La bear week était ce qu’on m’en avait décrit : beaucoup de monde ; trop, souvent. Des mecs d’Instagram que tu n’aurais probablement jamais croisés sans ça. Des timides. Des starlettes qui ne te calculent pas. Quelques-uns avec qui tu noues contact. Des plans cul perdus de vue depuis 2018. Des mecs que tu vois pour la première fois avec leur mec. Des anonymes. Des langues amies dans la pénombre des bars après 23h. Des regards échangés en coin et des coups de cœur qui durent cinq minutes. Des promesses qu’on ne tiendra pas. Des mecs de plus en plus soûls au fur et à mesure de la soirée, pendant que toi tu restes au coca. Ça baise singulièrement peu, pour un truc avec une telle aura d’orgie à ciel ouvert. En vrai tout le monde flirte mais personne ne fait grand-chose. Chacun attend de nouveaux woofs, de nouveaux taps sur les applis, chacun attend de croiser un mec encore mieux que toi cinq minutes plus tard. Personne ne s’engage au-delà d’un baiser, même si de temps en temps on en voit deux disparaître pendant quelques dizaines de minutes, probablement pour rejoindre une backroom ou une chambre d’hôtel, et revenir comme si de rien n’était. Mais ce n’est pas vraiment le cœur de la dynamique de ces soirées surpeuplées.

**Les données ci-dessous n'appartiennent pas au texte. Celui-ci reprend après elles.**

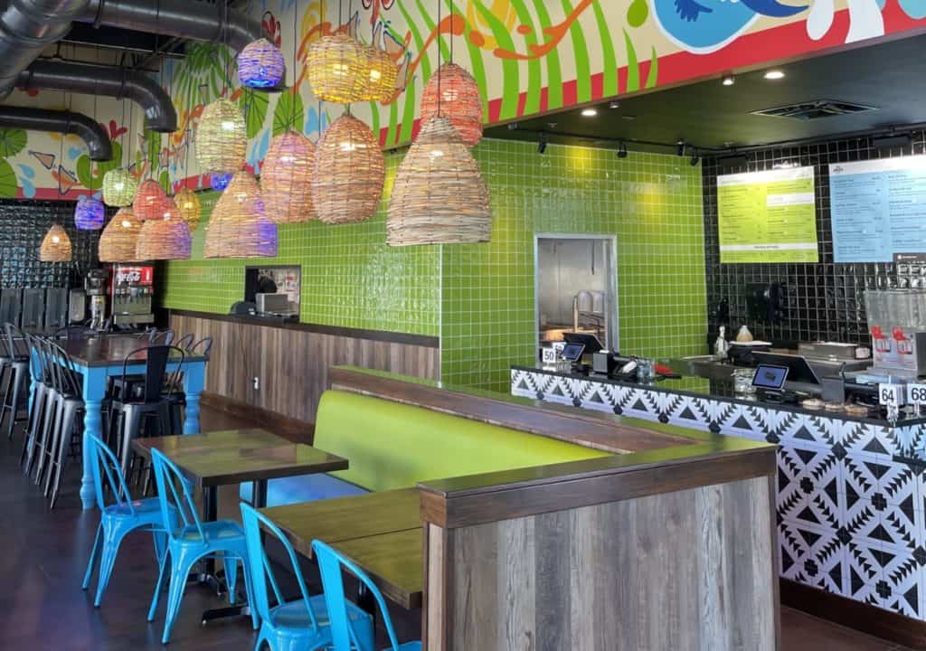 This restaurant operates in a quick-service, counter-order format with made-to-order food preparation and an efficient front-to-back layout. The kitchen sits directly behind the service counter, supporting fast throughput and operational efficiency. The space includes a comfortable indoor dining room and a large outdoor patio with tables, umbrellas, and lounge seating.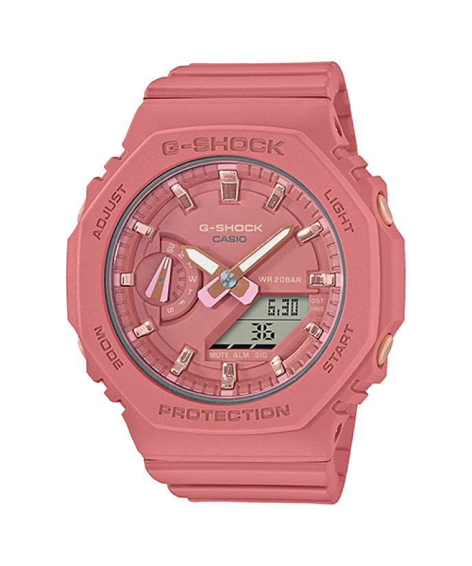 This series downsizes the GA-2100 to create a simple and slim design. The octagonal bezel, flat face, simple bar hour markers, and carbon core guard structure that are distinctive features of the GA-2100 are now available in a compact configuration.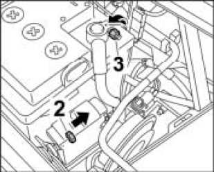 5. Position lead for the negative terminal on the battery again and screw it firmly into place -3-. Tightening torque 3.5 ftlb.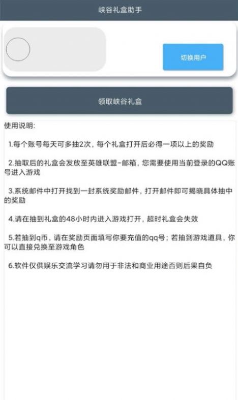 峡谷礼盒助手是一款实用便捷的游戏福利领取工具,用户只需登录熟悉的账号即可轻松操作,软件体积小巧且无任何使用限制,安全稳定运行,为玩家带来丰富的游戏体验,快来加入吧!

J’ai passé un bon moment, à peine gâché par l’impression d’être décevant, en deux ou trois occasions. Je reste trop attentif à ce qu’on pense de moi, dans un environnement où pourtant personne ne voit plus loin que son propre intérêt, son propre égo, sa propre capacité à galocher un mec dans les deux prochaines minutes, et pas beaucoup plus. Il faut accepter la superficialité des choses, parfois, la prendre telle qu’elle est et avec ce qu’elle peut apporter d’agréable, ne pas s’offusquer de la désinvolture de l’autre, ne pas s’autoflageller des heures non plus parce qu’on a été désinvolte à son tour, qu’on n’a pas communiqué assez clairement et qu’on l’a vexé un instant. Chaque interaction amène son lot d’inédit, d’attentes satisfaites, d’enthousiasme éphémère, de naïf boost d’égo, d’attentes déçues, aussi. Le mec a l’air fou de toi pendant deux minutes, mais il s’en fout et passera à côté de toi sans te calculer deux heures après. Toi aussi d’ailleurs, tu n’es pas là pour trouver un mari et tu sais bien que tu vas pas faire ta vie avec cet Américain qui sera reparti le lendemain. On est tout simplement trop nombreux, ici pour une euphorie temporaire qui ressemble parfois à la réalité. Ce contexte de désengagement amical et sentimental, où tu ne sais pas exactement sur quel pied danser entre grosse implication physique, tendresse et désintérêt quasi-immédiat, m’a un peu perturbé sur la fin. Me prenant peu à peu au jeu, j’ai fini par avoir un ou deux échanges confus avec des mecs qui m’avaient mal compris et que j’ai vexés, je crois, sans en avoir l’intention. Ça m’a un peu travaillé sur le chemin du retour, où de toute façon j’avais mal au crâne et bientôt de la fièvre : la tradition veut qu’on revienne presque toujours malade de Sitges.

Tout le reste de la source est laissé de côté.